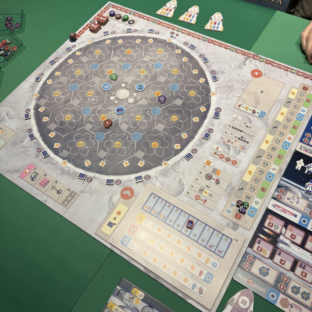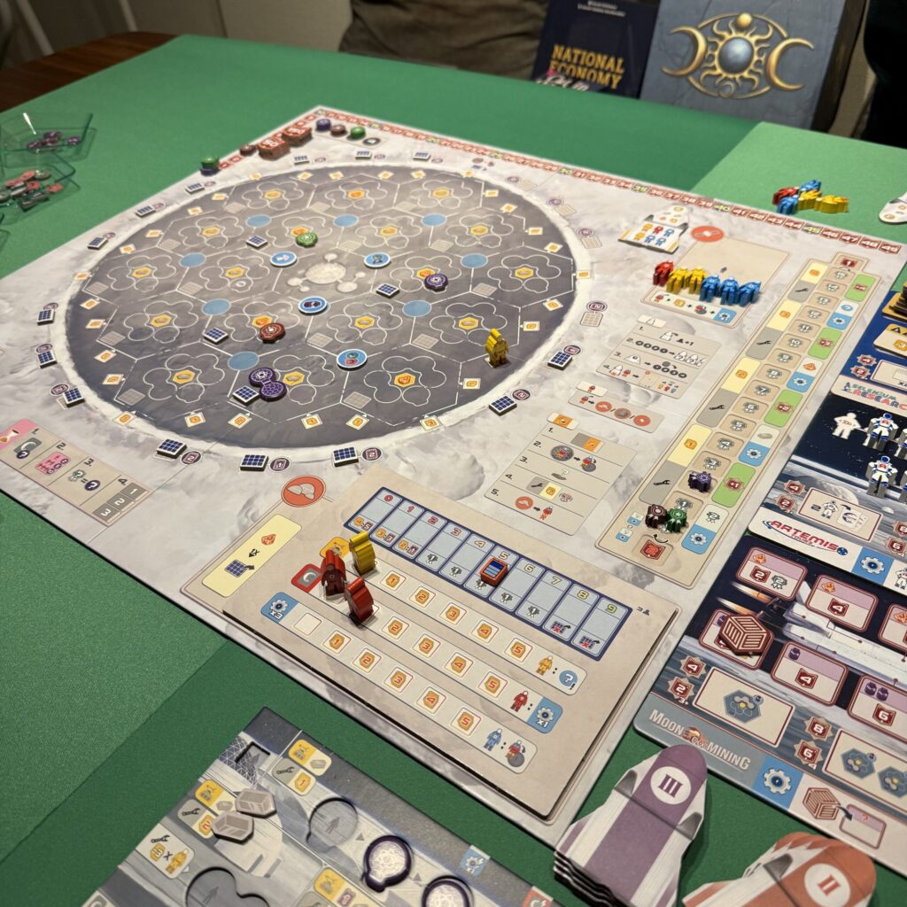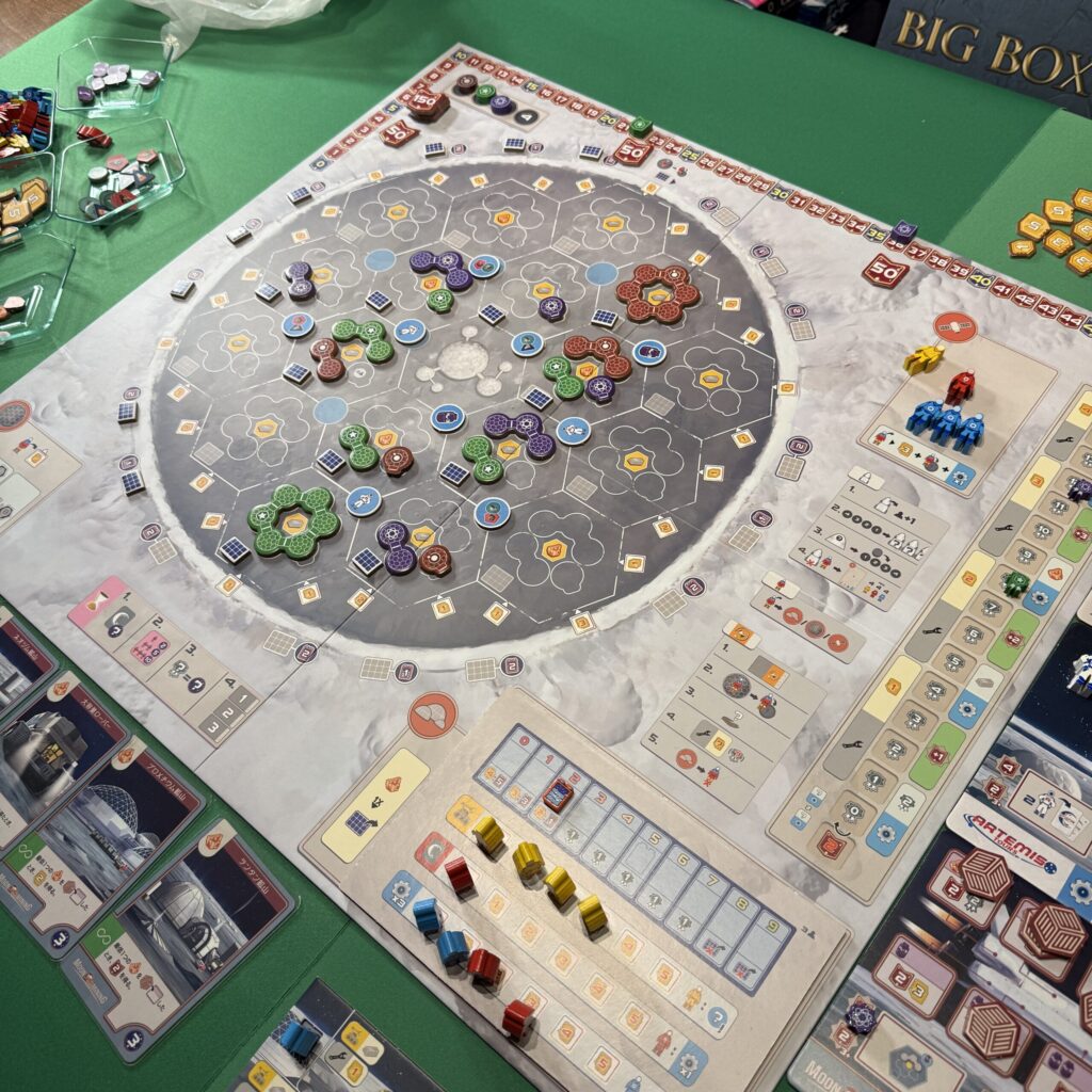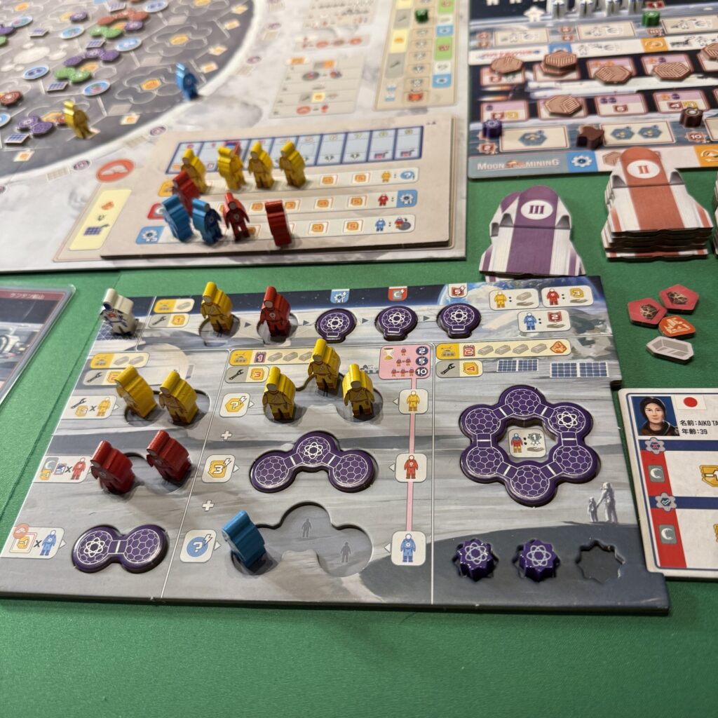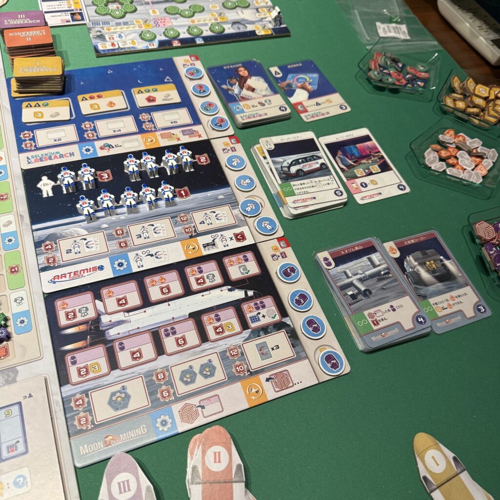 いつも様々なボードゲームを一緒に遊んでいただいている方と3人対戦。今回のゲームに使うのは、マニュアルで初回プレイに推奨される3つの企業、①セレニウム・リサーチ②アルテミス・ツアーズ③ムーン・マイニング。①セレニウム社は企業固有リソースのリソースマネジメント、②アルテミス社は観光客のピック&デリバリーライク、③ムーン社はリワードの早取り、をそれぞれ特徴にしている印象を覚えた。
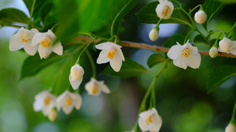 Native to the Southern Appalachian Mountains, the Carolina silverbell tree blossoms with cute, snowy white flowers that hang down from its branches like little bells (per the Missouri Botanical Garden). In nature, these trees are usually found among mountains, hills, or slopes.
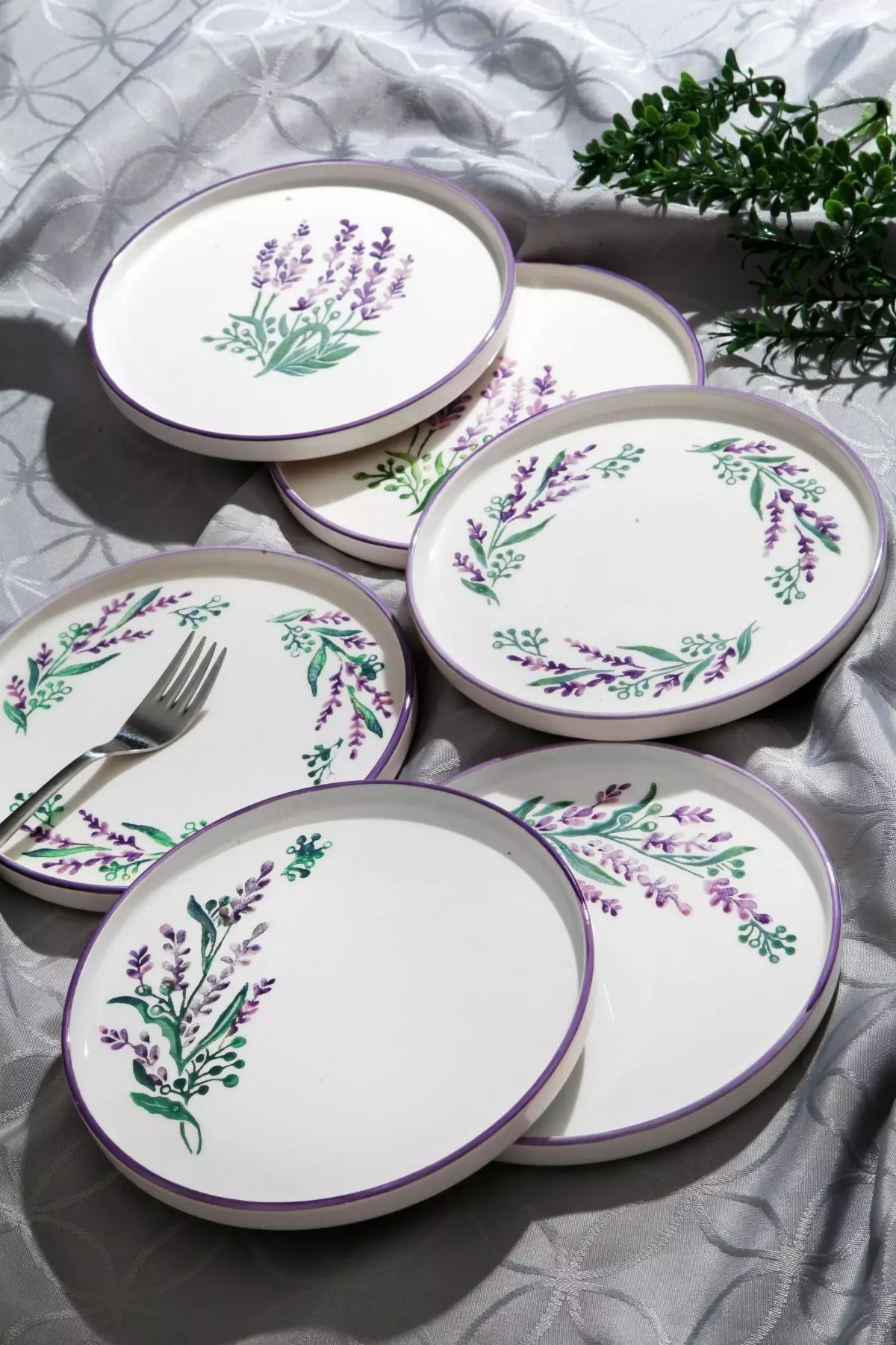 Jälkiruokalautasetti (6 kpl), violetti vihreä valkoinen, 19 cm, käsintehty, kestävä
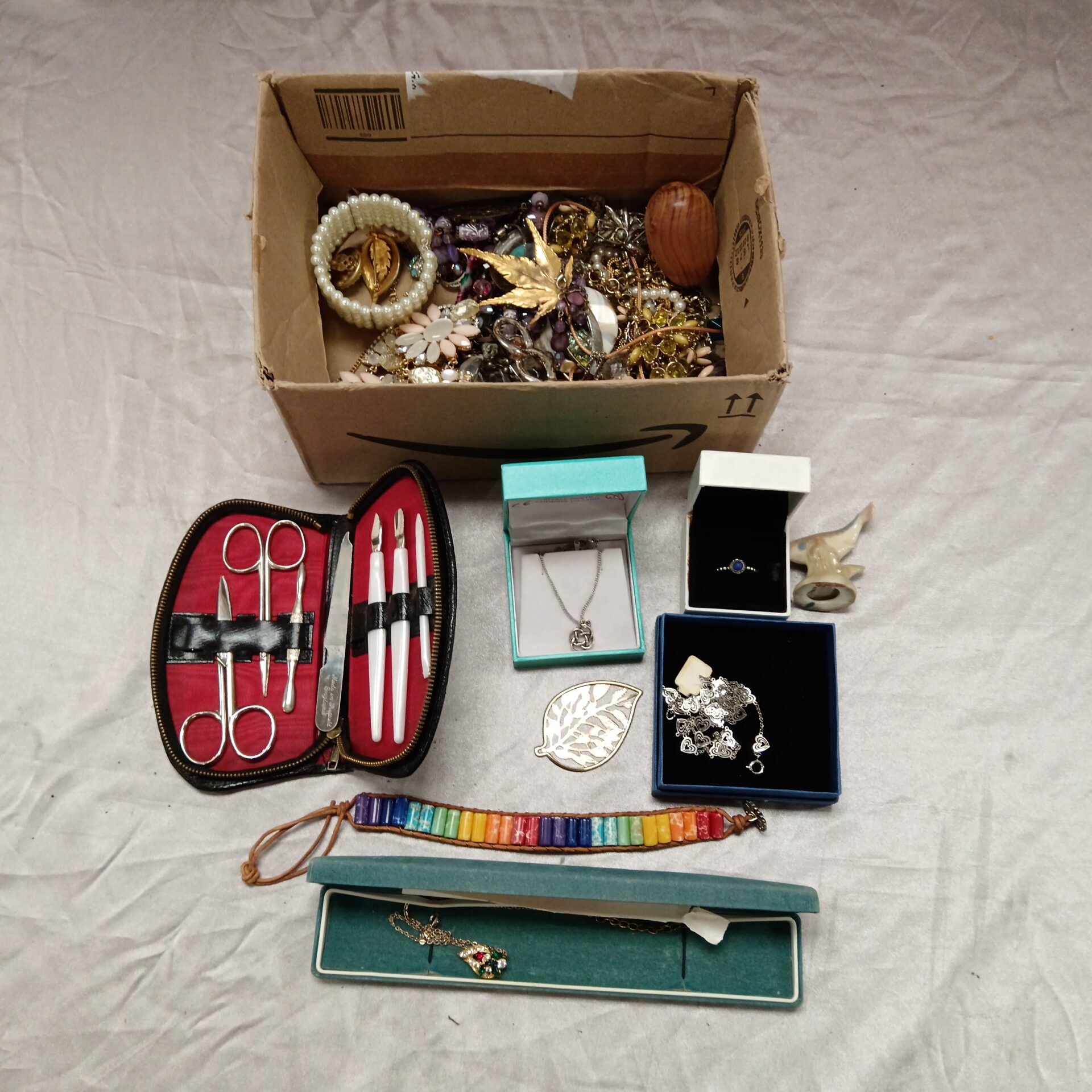 This lot comprises a diverse collection of fashion jewellery pieces. The assortment includes necklaces, bracelets, rings, and earrings, featuring a variety of materials such as beads, metal alloys, and potentially silver plating. A notable inclusion is a Pandora-style ring, adding a touch of branded appeal to the collection.

^^^^

• **PROBLEM TO WORK ON**
All the lines above are to be given again exactly as they read, with the pictures removed.

• **ANSWER TO THIS TASK**
 いつも様々なボードゲームを一緒に遊んでいただいている方と3人対戦。今回のゲームに使うのは、マニュアルで初回プレイに推奨される3つの企業、①セレニウム・リサーチ②アルテミス・ツアーズ③ムーン・マイニング。①セレニウム社は企業固有リソースのリソースマネジメント、②アルテミス社は観光客のピック&デリバリーライク、③ムーン社はリワードの早取り、をそれぞれ特徴にしている印象を覚えた。
 Native to the Southern Appalachian Mountains, the Carolina silverbell tree blossoms with cute, snowy white flowers that hang down from its branches like little bells (per the Missouri Botanical Garden). In nature, these trees are usually found among mountains, hills, or slopes.
 Jälkiruokalautasetti (6 kpl), violetti vihreä valkoinen, 19 cm, käsintehty, kestävä
 This lot comprises a diverse collection of fashion jewellery pieces. The assortment includes necklaces, bracelets, rings, and earrings, featuring a variety of materials such as beads, metal alloys, and potentially silver plating. A notable inclusion is a Pandora-style ring, adding a touch of branded appeal to the collection.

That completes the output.